== RAW DATA ==

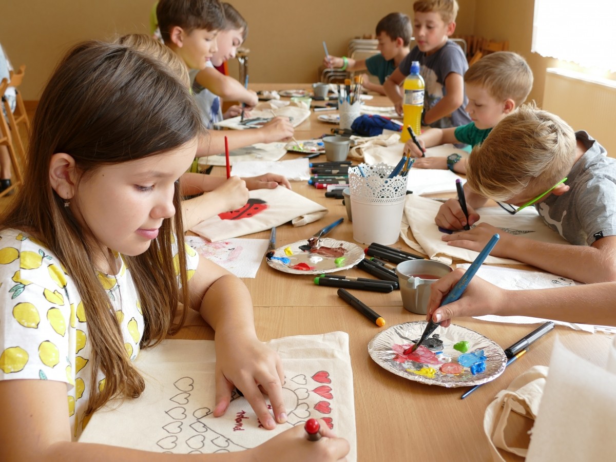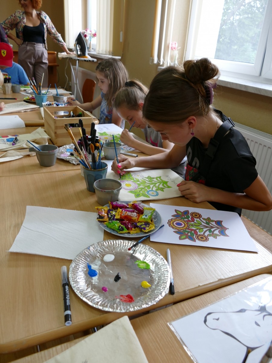 Warsztaty artystyczne były dopełnieniem warsztatów aktorskich, podczas których słuchacze poznawali literacką twórczość Konopnickiej. Natomiast inspiracją do dekoracji toreb i koszulek, były ilustracje i postacie z utworów Marii Konopnickiej, o którą oparty jest realizowany projekt. Przewodniczką w świecie ilustracji i zdobień była Monika Zielińska – Klimczak z Pracowni Rękodzieła ManuCraftura z Nowego Sącza. Dzieci korzystały z gotowych szablonów lub realizowały własne, twórcze pomysły. Wśród ozdób królowały zwierzęta, ale nie zabrakło też dekoracji inspirowanych folklorem i ludowością. Powodzeniem cieszyły się też ornamenty. Po skończeniu malowania, dzieci z dumą prezentowały swoje artystyczne dzieła. Warsztaty dostarczyły uczestnikom niezapomnianej frajdy, pobudziły kreatywność, koncentrację i dostarczyły radości z rzeczy wykonanych własnoręcznie.
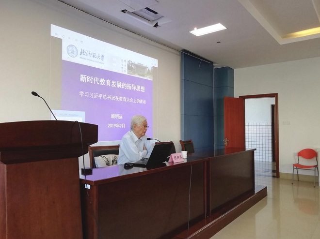 9月23日上午8:30,中国教育学会名誉会长,国家教育咨询委员会委员,新中国比较教育学科创始人之一,教育部教师教育专家委员会主任,北京师范大学资深教授顾明远先生莅临350vip8888新葡的京集团田家炳楼209会议室,以“新时代教育发展的指导思想——学习习近平总书记在教育大会上的讲话”为主题开展学术讲座,全面深入地解读了全国教育大会的精神。本次讲座由350vip8888新葡的京集团院长田良臣教授主持,350vip8888新葡的京集团教育学教师团队及各年级研究生共同参加,现场气氛热烈。
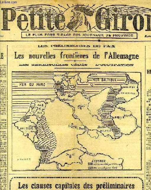 La Petite Gironde. 1919. In-Plano. En feuillets. Bon état, Couv. convenable, Dos satisfaisant, Intérieur acceptable. 2 pages. Texte sur 7 colonnes. Illustré d'une carte en noir et blanc.. . . . Classification Dewey : 940.3-Première Guerre mondiale 1914-1918

===

• **PROBLEM TO WORK ON**
Copy the listing exactly, omitting pictures.

• **OUTPUT OF THE EXERCISE**
 Warsztaty artystyczne były dopełnieniem warsztatów aktorskich, podczas których słuchacze poznawali literacką twórczość Konopnickiej. Natomiast inspiracją do dekoracji toreb i koszulek, były ilustracje i postacie z utworów Marii Konopnickiej, o którą oparty jest realizowany projekt. Przewodniczką w świecie ilustracji i zdobień była Monika Zielińska – Klimczak z Pracowni Rękodzieła ManuCraftura z Nowego Sącza. Dzieci korzystały z gotowych szablonów lub realizowały własne, twórcze pomysły. Wśród ozdób królowały zwierzęta, ale nie zabrakło też dekoracji inspirowanych folklorem i ludowością. Powodzeniem cieszyły się też ornamenty. Po skończeniu malowania, dzieci z dumą prezentowały swoje artystyczne dzieła. Warsztaty dostarczyły uczestnikom niezapomnianej frajdy, pobudziły kreatywność, koncentrację i dostarczyły radości z rzeczy wykonanych własnoręcznie.
 9月23日上午8:30,中国教育学会名誉会长,国家教育咨询委员会委员,新中国比较教育学科创始人之一,教育部教师教育专家委员会主任,北京师范大学资深教授顾明远先生莅临350vip8888新葡的京集团田家炳楼209会议室,以“新时代教育发展的指导思想——学习习近平总书记在教育大会上的讲话”为主题开展学术讲座,全面深入地解读了全国教育大会的精神。本次讲座由350vip8888新葡的京集团院长田良臣教授主持,350vip8888新葡的京集团教育学教师团队及各年级研究生共同参加,现场气氛热烈。
 La Petite Gironde. 1919. In-Plano. En feuillets. Bon état, Couv. convenable, Dos satisfaisant, Intérieur acceptable. 2 pages. Texte sur 7 colonnes. Illustré d'une carte en noir et blanc.. . . . Classification Dewey : 940.3-Première Guerre mondiale 1914-1918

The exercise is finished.